* Data supplied *
______________________________
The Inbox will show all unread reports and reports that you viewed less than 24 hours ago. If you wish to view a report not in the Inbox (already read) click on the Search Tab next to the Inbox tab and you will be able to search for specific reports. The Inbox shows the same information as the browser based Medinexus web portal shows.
______________________________
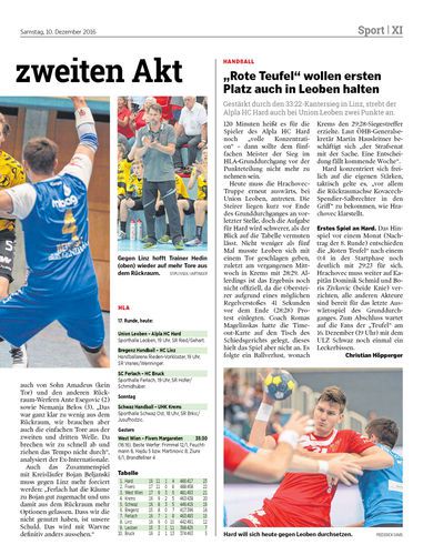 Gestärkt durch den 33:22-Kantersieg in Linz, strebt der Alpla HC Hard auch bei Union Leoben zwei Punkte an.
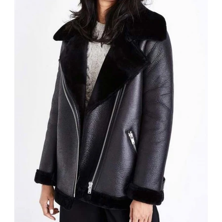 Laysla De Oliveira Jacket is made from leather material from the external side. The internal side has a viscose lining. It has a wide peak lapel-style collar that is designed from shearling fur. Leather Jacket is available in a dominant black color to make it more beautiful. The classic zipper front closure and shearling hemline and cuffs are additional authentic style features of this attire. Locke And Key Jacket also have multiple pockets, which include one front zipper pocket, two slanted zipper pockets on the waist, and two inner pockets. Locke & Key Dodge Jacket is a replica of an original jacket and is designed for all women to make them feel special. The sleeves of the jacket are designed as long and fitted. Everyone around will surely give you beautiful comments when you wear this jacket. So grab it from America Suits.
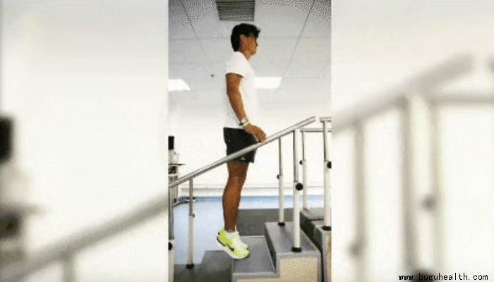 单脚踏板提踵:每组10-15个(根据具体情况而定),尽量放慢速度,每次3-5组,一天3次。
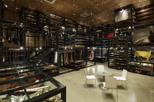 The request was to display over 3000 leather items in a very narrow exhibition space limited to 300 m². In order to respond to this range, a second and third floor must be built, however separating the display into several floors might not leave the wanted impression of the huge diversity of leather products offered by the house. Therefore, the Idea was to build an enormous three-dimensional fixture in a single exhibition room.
______________________________
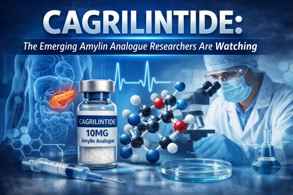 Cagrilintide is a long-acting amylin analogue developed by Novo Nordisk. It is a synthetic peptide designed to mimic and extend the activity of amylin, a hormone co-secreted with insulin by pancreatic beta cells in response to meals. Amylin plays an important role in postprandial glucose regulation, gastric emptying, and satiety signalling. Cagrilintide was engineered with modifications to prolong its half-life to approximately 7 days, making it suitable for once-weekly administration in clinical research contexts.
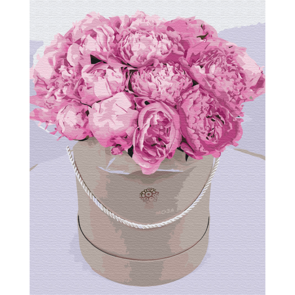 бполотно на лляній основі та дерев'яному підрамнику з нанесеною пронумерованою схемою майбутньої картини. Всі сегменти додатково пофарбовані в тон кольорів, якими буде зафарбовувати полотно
______________________________
* Task statement *
In the entries above, find the line containing "Cagrilintide is a" and the line containing "бполотно на лляній"; give again exactly those two lines and every line between them, minus the pictures.

* Problem solution *
 Cagrilintide is a long-acting amylin analogue developed by Novo Nordisk. It is a synthetic peptide designed to mimic and extend the activity of amylin, a hormone co-secreted with insulin by pancreatic beta cells in response to meals. Amylin plays an important role in postprandial glucose regulation, gastric emptying, and satiety signalling. Cagrilintide was engineered with modifications to prolong its half-life to approximately 7 days, making it suitable for once-weekly administration in clinical research contexts.
 бполотно на лляній основі та дерев'яному підрамнику з нанесеною пронумерованою схемою майбутньої картини. Всі сегменти додатково пофарбовані в тон кольорів, якими буде зафарбовувати полотно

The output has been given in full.